Three days later and we are out on that endless plain – the Serengeti. The predominant colour is pale burnt umber with the occasional green of an acacia tree. It was just getting light when we left the lodge and the sun is well up when we stop for breakfast. It is hot so we sit under the shade of one of the few trees and are joined by buffalo weaver birds and brilliantly coloured superb starlings hunting for our crumbs. A little way down the track there is a toilet block but the bushes behind it seem healthier (and far less smelly). We are amazed to see a Land Rover convoy full of Japanese tourists in masks and gloves. They descend from their vehicle like beings from another planet, survey the scene and head for the toilets. They don’t stop long and are soon back on their isolation tour.
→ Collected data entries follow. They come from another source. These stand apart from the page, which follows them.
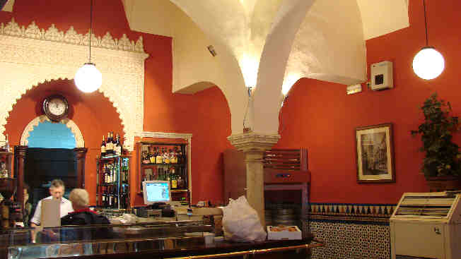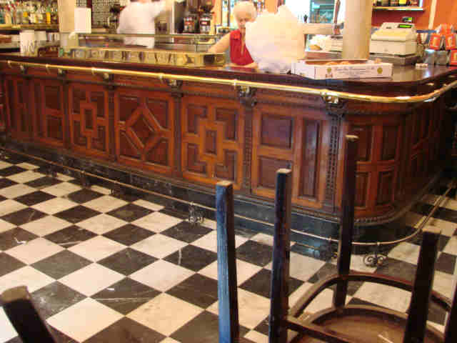 Cuantas personas habran piasado este ajedrezados suelo o apoyado en la barra de caoba , aguardando un cita o recuperandose de las calores con una fria caña y una deliciosa tapa , de este emblemático bar o sentado en uno de su veladores a la sombra de los naranjos de la calle Mateos Gago, que milagrosamente se han salvado de la indiscriminada talas tal del gusto de nuestro actual consistorio .-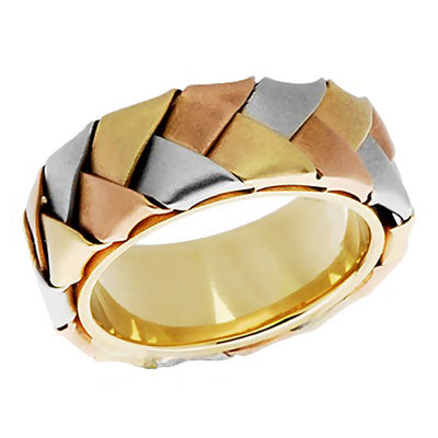 8MM Three Tone Gold Hand Braid with Yellow Gold Rope Wedding Band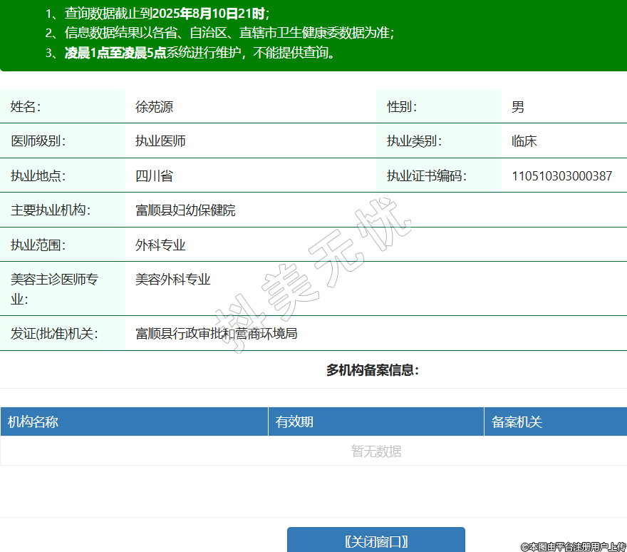 姓名:徐苑源性別:男醫(yī)師級別:執(zhí)業(yè)醫(yī)師執(zhí)業(yè)類別:臨床執(zhí)業(yè)地點:四川省執(zhí)業(yè)證書編碼:110510303000387主要執(zhí)業(yè)機構(gòu):富順縣婦幼保健院執(zhí)業(yè)范圍:外科專業(yè)美容主診醫(yī)師專業(yè):美容外科專業(yè)發(fā)證(批準)機關(guān):富順縣行政審批和營商環(huán)境局 -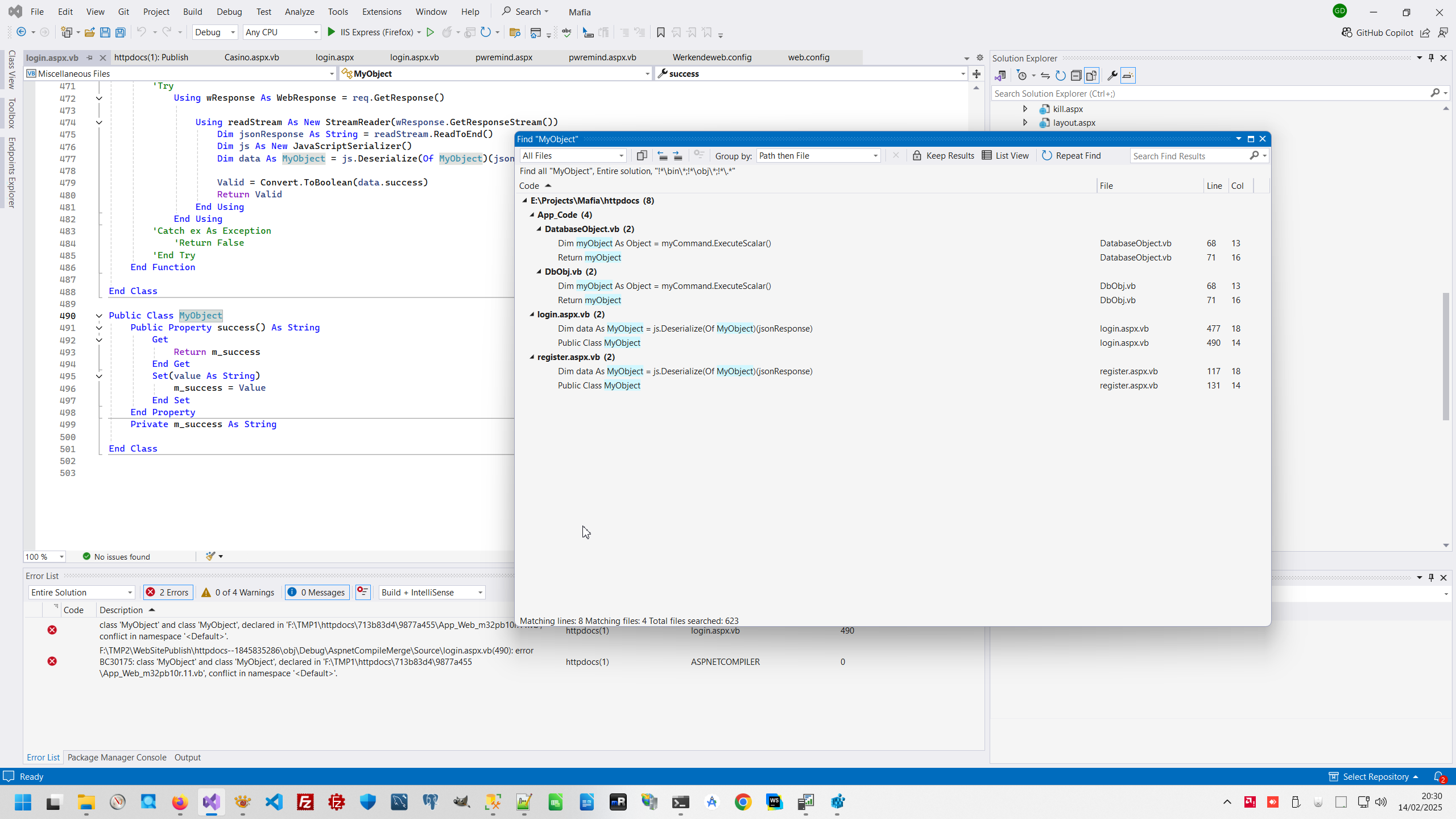 (1) Firstly project ha global troubles and can not compiled as ASP.NET project.

We are getting used to spotting the game watching opportunities by the tell tale signs of huddled tourist vehicles. We find a cheetah sitting under a tree watching a traffic jam of tourists but there are too many other vehicles. We move on and pull up only ten yards from a dozen young lions and a couple of lionesses resting under a tree beside the road. Their colour merges beautifully into the grass and the only movement is an occasional yawn or stretch. There is far more action on any natural history programme but here we are far better able to appreciate the environment and put what we see on television into context.  Our future viewing will be much richer for the memory of a group of lions sleeping through the heat of the day under a Serengeti acacia.

Next day, after a slightly later start we head out across the Serengeti aiming to be at the Ngorongoro crater that evening.  There are thousands of gazelle on the plains. We stop beside the road (along with a couple of other vehicles) not far from where we saw the pride of lions yesterday. There are several lions on one side of the road and further back close to us a single male watching them, his head silhouetted in the long grass. He has his eye on taking over the pride but cannot decide whether he is ready to take on the resident male.

As one vehicle moves off we get closer to the pride and see that there is a group of Thomson’s gazelle milling around near the road. From our vantage point on our vehicle we can just see the heads of eight lion cubs watching them. Unaware, the ‘Tommys’ decide to move and determinedly walk off in a line straight towards two waiting lionesses. She pounces. Within a few strides she has downed a gazelle. The Tommys run, frantically bounding away from danger.

The watching cubs see their opportunity. “Look at the cubs, look at the cubs, they’ve taken off” cries Glen Then, in awed tones, “Oh, here comes the lion” as the male ambles over to the kill. The cubs give chase to the fleeing gazelle. One cub downs one just in front of us. He hasn’t got a firm hold so the Tommy is able to scramble away. The cub slips on the sandy road and goes head over heels before continuing the chase.

Two minutes later and all is peaceful again, the gazelle are back together in a group standing  at a safe distance from three still watching cubs, the lion is enjoying his breakfast and the rest of the pride will have to wait their turn. Panting hard, they now trudge off up the road passing within a few feet of us and we follow them for a while.

The lone male is still waiting back down the road unfed and unloved. This has been one encounter we will never forget – and will forever wonder why the Tommys walked to their demise. Now we head to the great amphitheatre of the Ngorongoro crater but the lone male, Timbuctoo and the Limpopo will have to wait.